Parents tend to actively limit Junior ISA contributions in December, according to our data.
Far from giving children the gift of investments for Christmas, parents and guardians actively reduce Junior ISA contributions in the month of December, new data from interactive investor, the UK’s second largest consumer investment platform, suggests.
The average lump sum contribution to Junior ISAs among interactive investor customers was at its lowest in December than for any other month of the year in both 2018 and 2019. The average lump sum contribution in December 2019 was £454 - some 78% less than the combined average for the preceding 11 months that year (£808). 2018 tells a similar story.
The trend of waning Junior ISA contributions following the tax year end, and in the months leading up to December is also present this year. However, since April 2020 through to November, parents have been consistently making higher contributions into Junior ISAs this year than the previous two years (see table below).
Myron Jobson, Personal Finance Campaigner, interactive investor, says: “The dramatic reduction in Junior ISA contributions among our customers in December suggests parents use cash that would otherwise be used to top up investments in the account towards tangible Christmas gifts for children.
“But while the gift of investments is unlikely to feature in a child’s wish list to Santa, it shouldn’t be scoffed at. Many parents may be in a fortunate position to do both this year thanks to savings made on the cost of travel and entertainment costs during the months of full lockdown. They’ll thank you in years to come – think of the gift of investments as a stocking filler – even modest contributions can grow over time.”

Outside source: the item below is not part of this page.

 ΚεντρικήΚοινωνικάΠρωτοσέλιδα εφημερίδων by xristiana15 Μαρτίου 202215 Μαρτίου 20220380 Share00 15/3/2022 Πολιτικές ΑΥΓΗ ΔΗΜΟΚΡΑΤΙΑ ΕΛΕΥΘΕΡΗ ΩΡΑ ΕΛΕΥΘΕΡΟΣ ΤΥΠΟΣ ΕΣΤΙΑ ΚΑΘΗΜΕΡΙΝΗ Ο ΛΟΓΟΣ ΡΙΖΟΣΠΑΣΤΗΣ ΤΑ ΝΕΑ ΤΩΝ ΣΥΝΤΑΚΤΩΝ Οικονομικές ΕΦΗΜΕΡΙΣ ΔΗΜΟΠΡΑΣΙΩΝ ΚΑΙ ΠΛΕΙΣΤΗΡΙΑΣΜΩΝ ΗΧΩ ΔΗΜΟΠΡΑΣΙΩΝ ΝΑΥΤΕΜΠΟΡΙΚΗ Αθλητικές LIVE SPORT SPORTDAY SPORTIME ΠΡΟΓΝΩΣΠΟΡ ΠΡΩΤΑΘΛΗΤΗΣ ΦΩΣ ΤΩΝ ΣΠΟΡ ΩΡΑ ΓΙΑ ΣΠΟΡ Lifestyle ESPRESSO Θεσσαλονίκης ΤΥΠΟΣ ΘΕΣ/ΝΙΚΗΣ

Becky O’Connor, Head of Pensions and Savings at interactive investor, says: “Saving in general has risen this year and Junior ISAs have also experienced this trend, with parents contributing more to Junior ISAs since the first lockdown than the year before. It’s good to see parents thinking of their children’s futures and contributing more to their stocks and shares Junior ISAs with any spare cash they might have set aside through lower spending this year.

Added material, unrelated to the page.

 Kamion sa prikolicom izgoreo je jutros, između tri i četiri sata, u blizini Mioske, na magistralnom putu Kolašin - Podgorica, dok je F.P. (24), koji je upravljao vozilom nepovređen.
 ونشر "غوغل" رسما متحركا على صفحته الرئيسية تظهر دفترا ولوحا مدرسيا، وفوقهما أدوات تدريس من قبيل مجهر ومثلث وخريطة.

“It can be hard to choose the right investments for your children, as it feels so important that they do well from their Junior ISAs. But the same rules apply as with normal investing – that risk level should be linked to goals and the timeframe you have and it’s a good idea to diversify.”
For the child who likes technology: Scottish Mortgage
Dzmitry Lipski, Head of Funds Research, interactive investor, says: “We like Scottish Mortgage (LSE:SMT) which has a healthy exposure to technology - accounting for almost a fifth of the portfolio. It is an adventurous option, with a preference for innovative and disruptive businesses which comes at the price of increased volatility. James Anderson, who co-manages the portfolio with Tom Slater, is a long-term believer in the power of technology and fiercely committed to running a high-conviction portfolio of companies that will change the world.

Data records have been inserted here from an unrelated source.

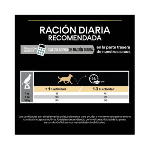 - Para ayudar a mantener a tu perro en una condición corporal ideal, ajusta las cantidades según el nivel de actividad de tu perro, condición física y necesidades individuales.
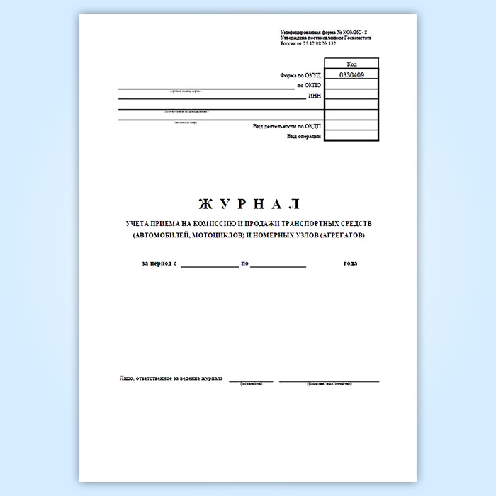 Журнал учета приема на комиссию и продажи транспортных средств (автомобилей, мотоциклов) и номерных узлов (агрегатов) (форма № КОМИС-8) в Улан-Удэ купить
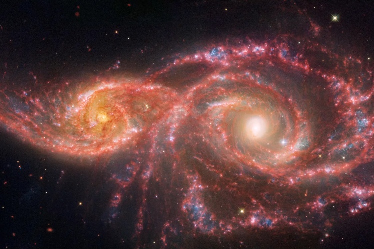 А ось такі фотографії далеких незвіданих галактик робить NASA завдяки своєму телескопу James Webb. Його запустили у 2021 році, і це — один з найважливіших проєктів у сфері астрономії у ХХІ столітті. На першому фото — «танець» двох галактик; на другому — галактики IC 2163 та NGC 2207, вони торкнулися одна одної мільйони років тому; на третьому — народження зірки.

“The trust has a boast a stellar performance record and a record as the most-purchased investment trust on the interactive investor platform every month bar one since February 2014.”
For the child who wants to make the world a better place: Royal London Sustainable Diversified Trust
Dzmitry Lipski adds: “Managed by highly experienced Mike Fox, who spent most of his investing career assessing environmental, social and governance issues and how they influence investment decisions, the ethical multi-asset fund, filters out companies involved in common ethical investing no-nos, including tobacco, armaments and animal testing.
“In addition to a negative screen, a positive screen is also conducted. The manager assesses whether the company, through its products and services, provides a net benefit to society and/or whether it is a sector leader in terms of its ESG management. Sectors considered more favourably for the funds include healthcare and technology.
“The fund is a great example of why investing for good does not mean investors will miss out on returns. It has consistently outperformed both its benchmark and IA sector average and ranks within the 1st quartile for cumulative performance over three and five years.”